To visualize the K-Means, Subclu and IMS results use the scatter plot, choose the variables for x and y axis and then put the condition as the Nearest CLUSTER-Name.

## Hierarchical Clustering

For more information, see the online learning platform

Hierarchical clustering is a model that is viewed as a dendrogram. A dendrogram is a tree diagram frequently used to illustrate the arrangement of the clusters produced by hierarchical clustering. For more information, see Dendrograms.

Learning set empty

Certain models in DATAmaestro are able to handle missing values, while other models are not. For example, clustering methods, like K-means, are not able to handle missing values.
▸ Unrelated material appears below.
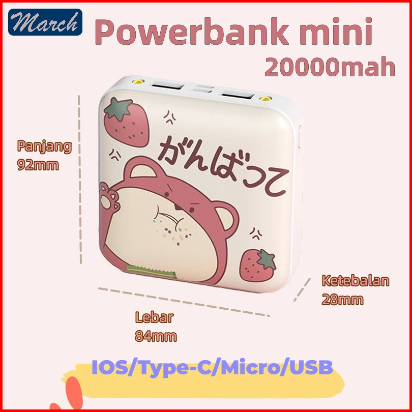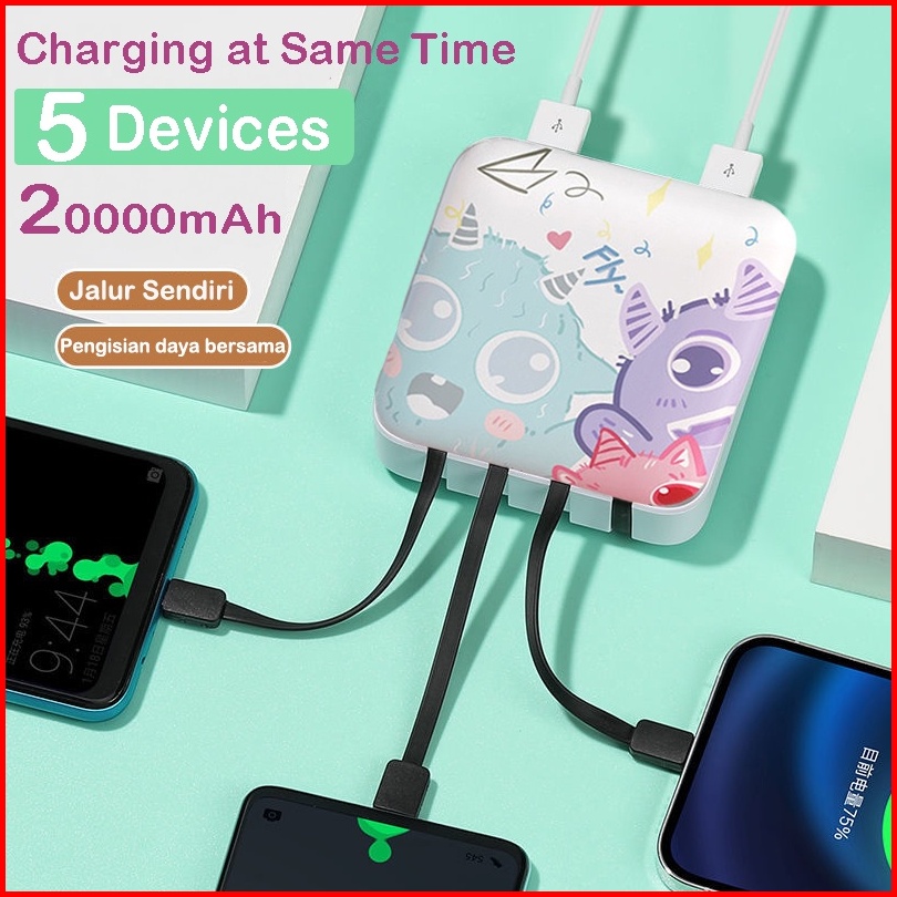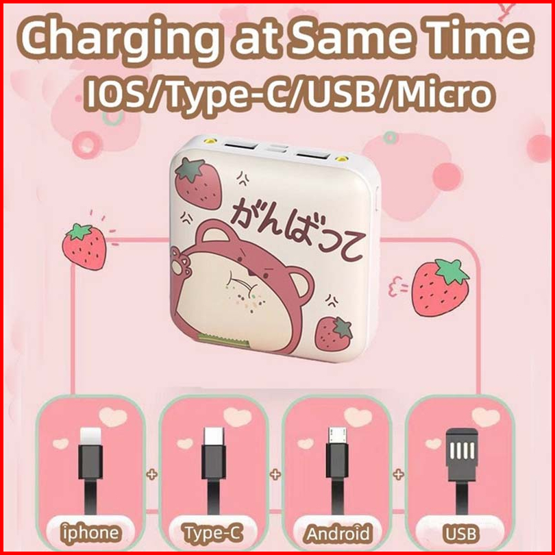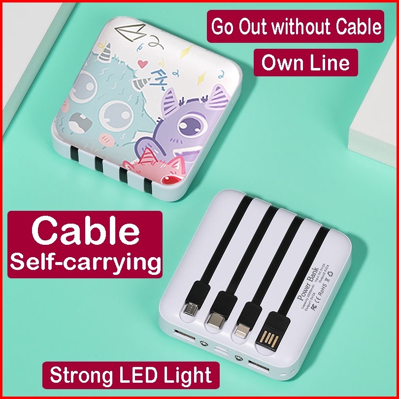Powerbank Mini 20000mah Built In Cable 5in1 Fast Charging Kartun External Battery 2.1a Power Bank For Iphone Lightning T

If any row of data has a missing value, even for just one variable, the row will need to be ignored by the algorithm. “Learning set is empty” is the message to indicate that all rows have been removed due to one or more missing values per row by the algorithm. If you have any variables with a high number of missing values, it is recommended to remove them or to use the “Fill missing values” tool under the “Transform” menu in DATAmaestro Analytics.

Calculation time

In DATAmaestro, the calculation time can vary depending on the number of records, number of input variables and the type of algorithm that is being used. For example, Subclu is significantly slower than K-means for larger data sets. If you have a large dataset, it is recommend to use K-means.